Once you get the factoring done (or if you don’t finish it and need more help), write back and show you work as far as you get, and we can take you another step forward.

Brittney had stopped there, with the choice of two numbers, and I wanted to see if she had trouble with the next step.

A little struggle …

Brittney answered,

Dr. Peterson,

Thank you so much for your thorough reply. I love how you broke it down so far. I was able to get as far as 5*20=100. But need to figure out how to add to 29.

Also, I got a little lost with the example problem. It’s great, but is the “x” possibly supposed to be a “y”? If so, is there any way you can please resend that entire thing with the “y” instead? I could totally be wrong, and if so I apologize! I’m just a bit confused.

You have NO IDEA how fortunate I am to be able to get help here. I am so grateful. I will need so much more. I am glad my professor is allowing me to turn assignments in late.
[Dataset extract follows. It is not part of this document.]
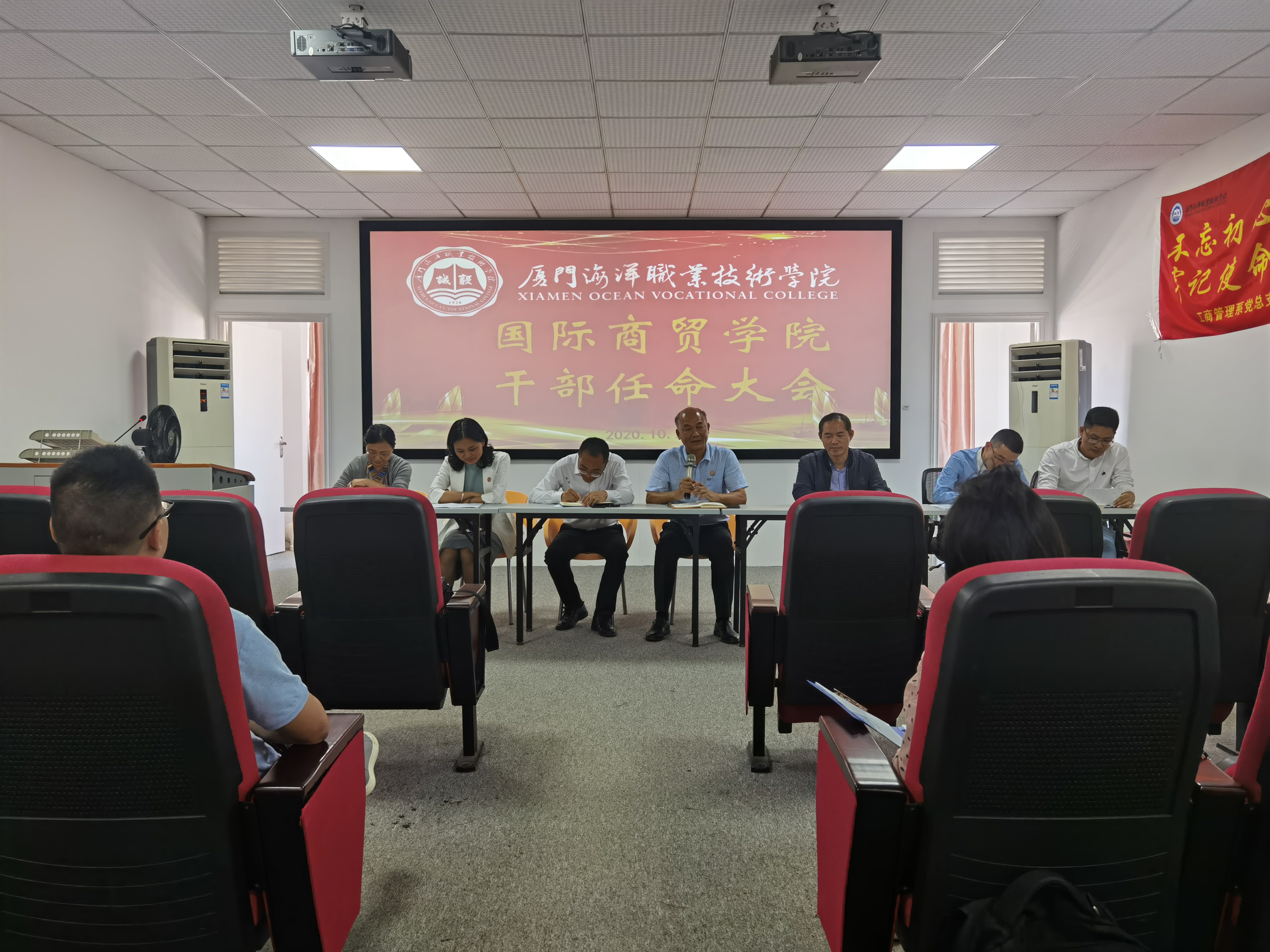 10月26日下午,国际商贸学院召开干部任命大会,宣布国际商贸学院领导班子成员任命决定。校党委副书记汤忠民出席,国际商贸学院副院长徐薇主持会议。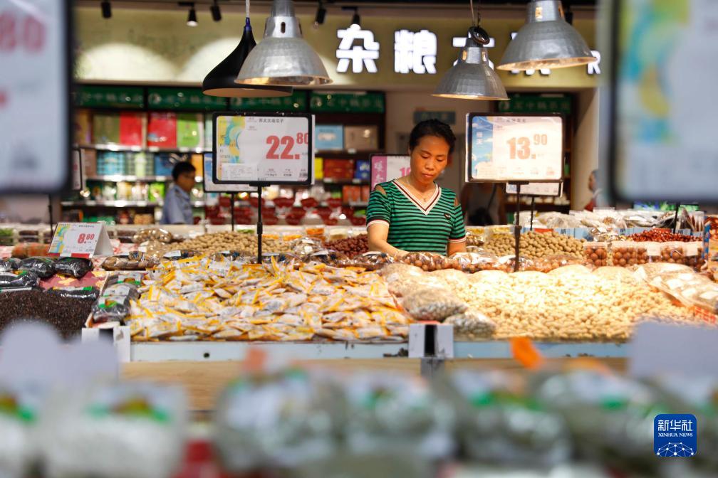 8月9日,消费者在贵州省黔东南苗族侗族自治州从江县一家超市选购商品。新华社发(罗京来摄)

Otherwise I’d surely fail. I could still yet. But I have never failed, and in fact have an excellent GPA. I am very humbled, and anxious.

Thank you, Brittney

It isn’t clear yet why she couldn’t get the two numbers, or what in my example was confusing; I tried to identify possibilities, and responded:

You said,

I was able to get as far as 5*20=100. But need to figure out how to add to 29.
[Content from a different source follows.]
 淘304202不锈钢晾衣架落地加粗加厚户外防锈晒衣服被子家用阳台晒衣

Here is what I said about that:

You want two factors of 100 whose sum is 29. I happened to see the two numbers immediately, because I know numbers pretty well. But if you don’t see it (and I don’t always!), just list factor pairs:

1, 100
2, 50
4, 25
5, 20
10, 10

Which pair works? Then continue.

I listed all possible pairs of numbers whose product is 100; one of them adds up to 29. Which is it? Then those are the two numbers you have to use.

Apparently you are not quite clear on what has to add to 29, or something like that; it will help if you just do something, even if you’re sure it’s wrong, just so I can see what you are thinking.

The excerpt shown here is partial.